Of course, on-time payment history plays a critical role in effective credit management. To be successful in this aspect, the best route to follow is to always pay off the debt before the due date or, in the worst case scenario, not to exceed more than 29 days after the due date.

 

It is also a good idea to make payments beyond the established minimum payment whenever is possible. For example, if you have a debt of 2,000 dollars, to pay $500, which represents a significantly higher amount of the minimum payment, during a random month improves the credit history.

 

It is worth mentioning that contrary to popular belief, having a good credit history has nothing to do with living in debt. “It is more important to pay well. It is good to have available credit but not to use it all because having the cards full is not positive,” says the specialist.

 

However, there are times during the year when the market understands that people use a higher percentage of credit, such as the Christmas season.
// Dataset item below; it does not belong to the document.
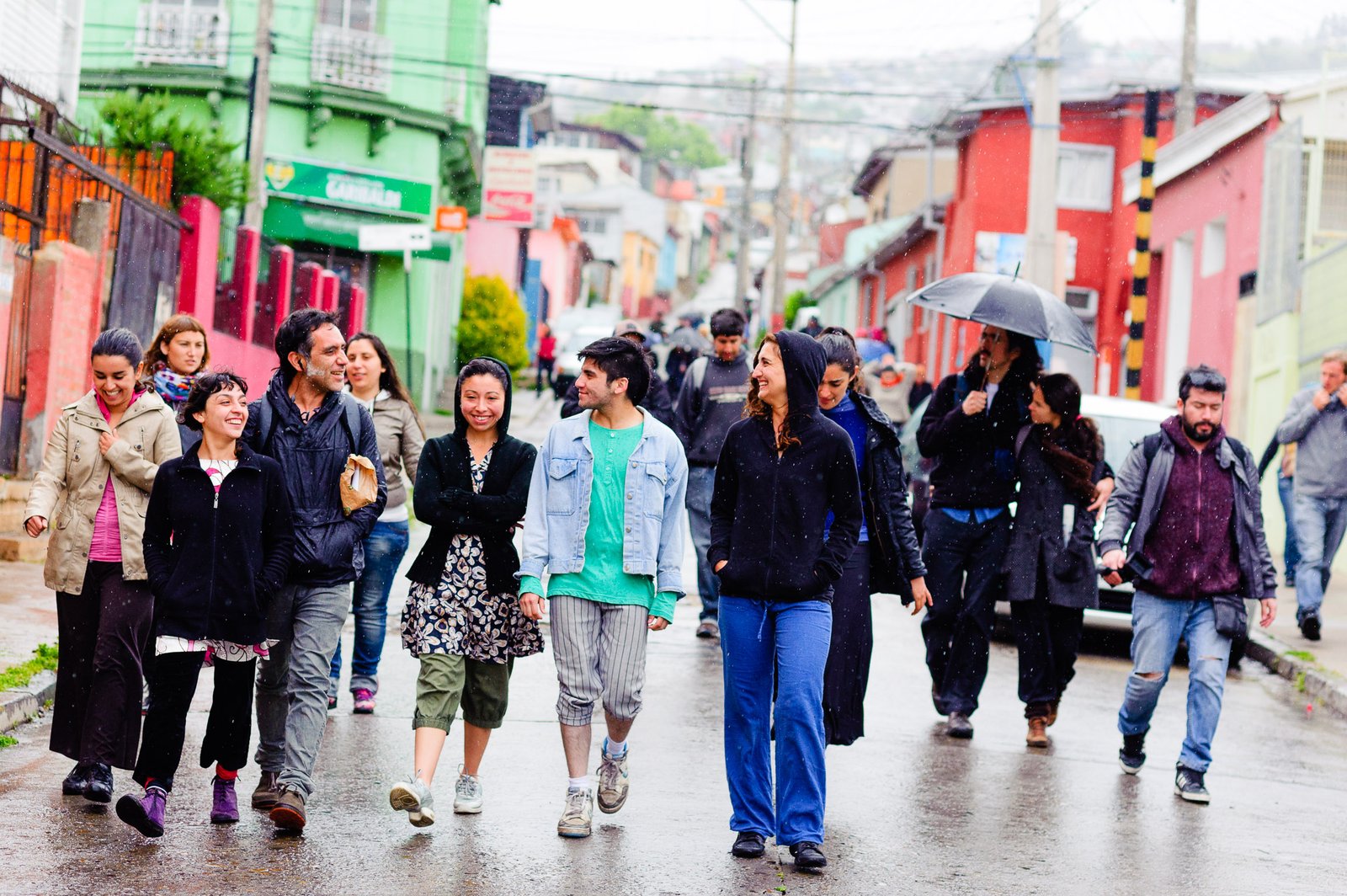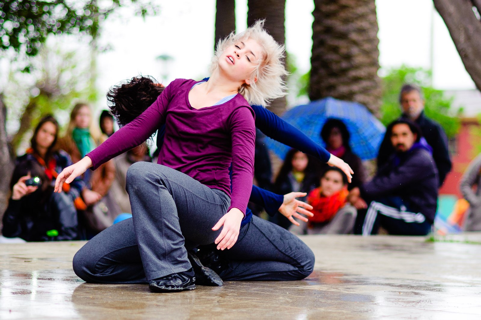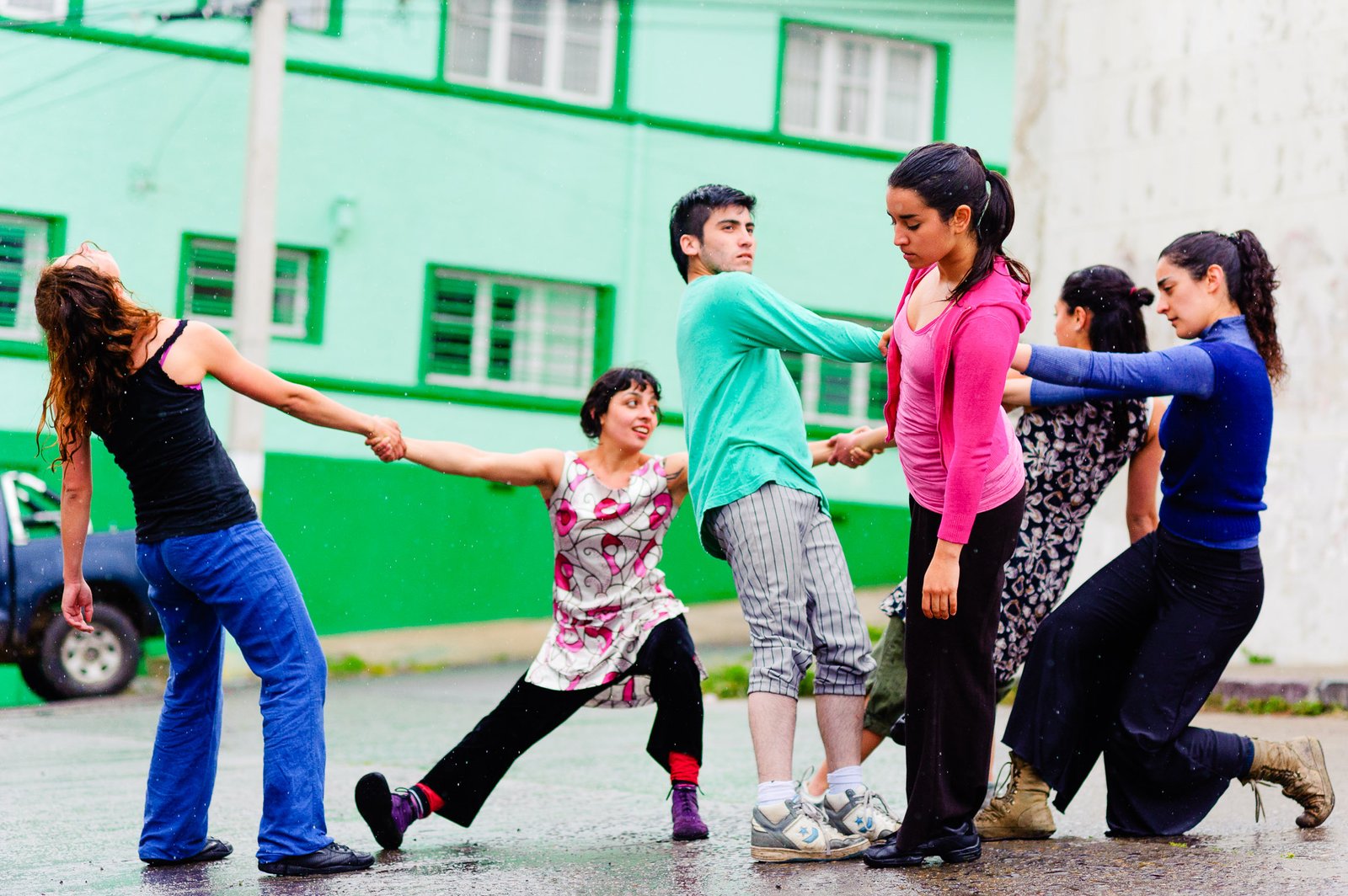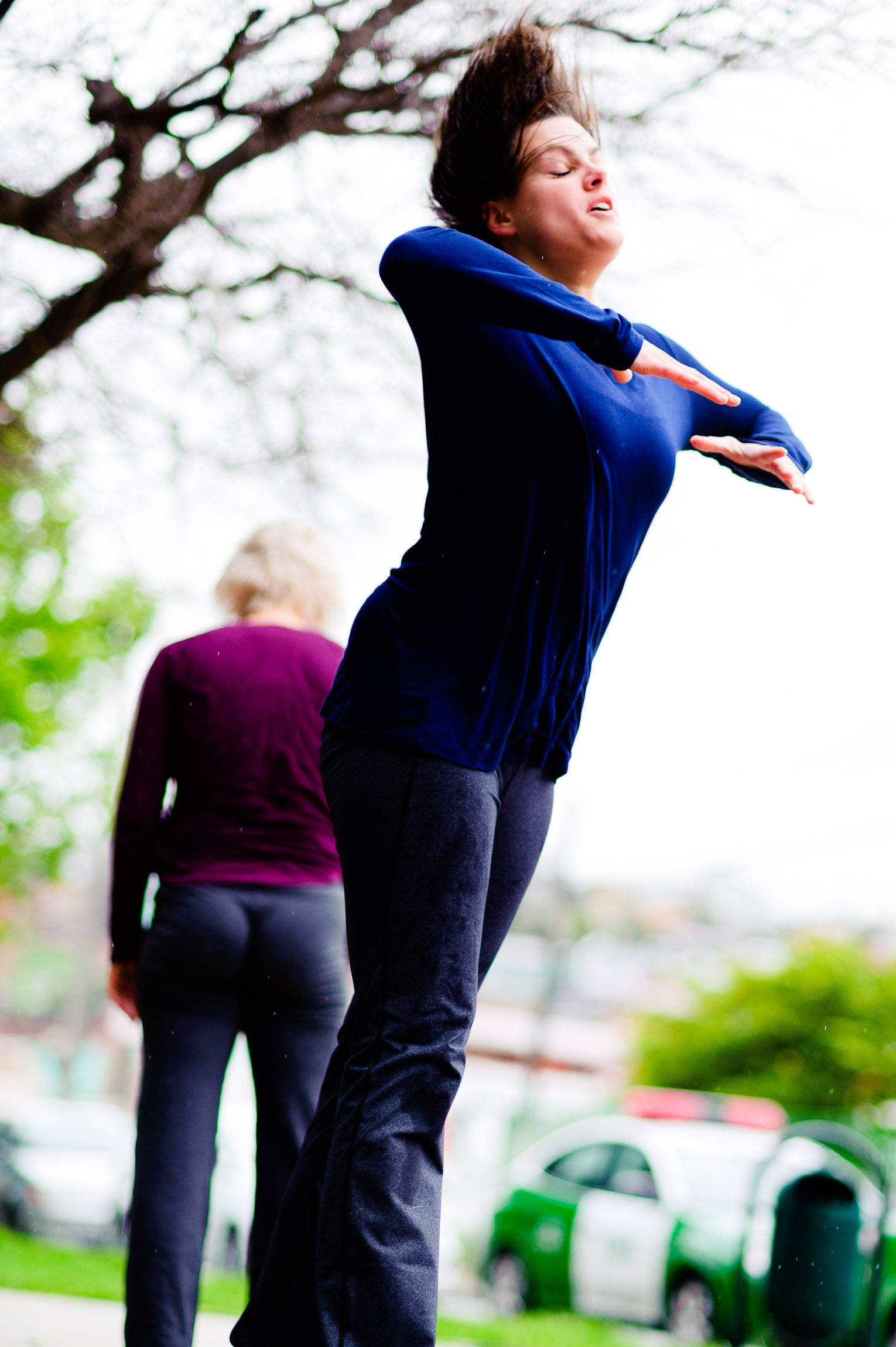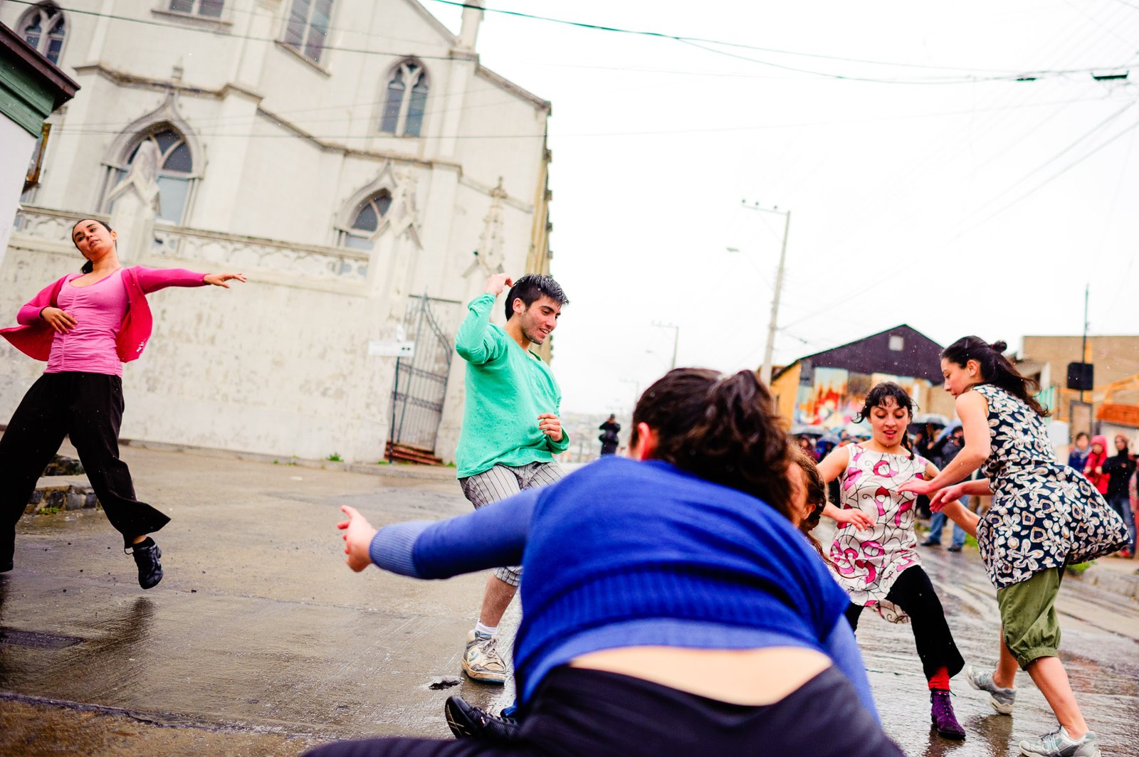 El domingo 21 de octubre el clima nos sorprendió con una constante y fina llovizna. Hasta último momento nos preuntabamos si el público llegaría. Ya sí fue, un grupo grande de personas se fueron acercando y ubicando bajo los árboles de la Plaza Mena, par apresenciar las intervenciones «Decussation # 2» a cargo dela Compañía de Lilian Moussa de Qubéc, Canadá, y «Kokoro» de las argentinas Quío Binetti y Analía Rodríguez. El clima no parecía colaborar, pero eso no fue impedimento para que el grupo de bailarines locales de «Un organismo» experiencia guiada por Iván Sánchez Ramírez, co director del Festival Danzalborde, avanzara por las calles acompañados de una procesión de personas que sostuvieron bajo la lluvia hasta el final el clima de la presentación. Verdaderamente para los que estuvimos alli, un acto colectivo de encuentro en torno a los cuerpos en movimiento.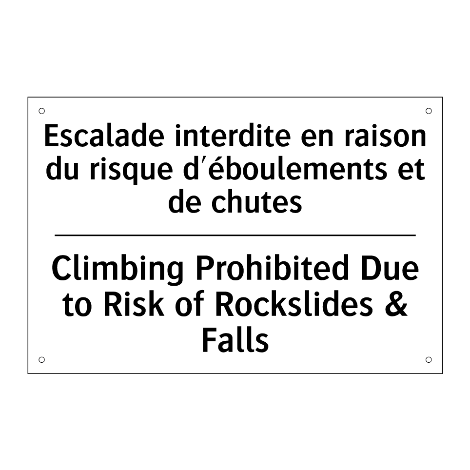 Panneau d'interdiction bilingue avec texte en français : "Escalade interdite en raison du risque d'éboulements et de chutes", et en anglais : "Climbing Prohibited Due to Risk of Rockslides & Falls"

On those dates, you can lower the quality of your credit because you’re using much more than the recommended percentage, although if it’s done in moderation, there won’t be long-term damage.

 

Fixing bad credit

“The beauty of the United States is that it gives you a second chance, but it’s important to start paying on time today,” says Ivan Jimenez to give peace of mind to those that due to one circumstance or another, have affected their credit score.

 

If this is your case, you should know that there are several ways to repair your credit and several aspects to take into account before proceeding to correct it. One of them is to realistically analyze whether the debt can be paid off or not.

 

If it involves an impossible effort to carry out, it is best to hire a bankruptcy attorney, who will devise the best strategy to start anew.

 

However, if the debt is payable but stopped being paid due to transitory circumstances, such as lack of a job or lower-income, which have already been resolved, then it is possible to catch up without any problem as long as the debt does not exceed 7 years.

 

If it does, it is wise to seek the services of a consumer rights attorney to learn what negotiating rights the debtor can access to.

 

Non-profit agencies can also be contacted, whose mission is to provide advice to negotiate the repayment of the debt. “These are useful to, at least, not receive any more calls and restructure your debt,” says Ivan Jimenez.

 

Before hiring a company that provides this service, it is important to evaluate what it offers, since repairing the credit takes time, usually at least 1 year. In this way, you should be wary of the agencies that promise to correct it in 3 or 6 months.

 

To know for sure if the chosen option is serious, the advice is to go to the Better Business Bureau. On the website of this organization you can review the company’s history and performance profile and whether or not it has fraud or poor quality in the work delivered complaints.

 

Finally, check your credit history, because sometimes debts shown do not match with reality. “There are debts that are either not ours or are not the effective reflection of what really happened and it’s better to correct this,” says the expert, who suggests reviewing the Annual Credit Report website for free and without impacting credit history.

 

Following the above recommendations suppose a benefit greater than the financial cost that would imply not having a good credit. “This is a clear example in which the incentive is more powerful than the punishment in the United States,” the interviewee concludes.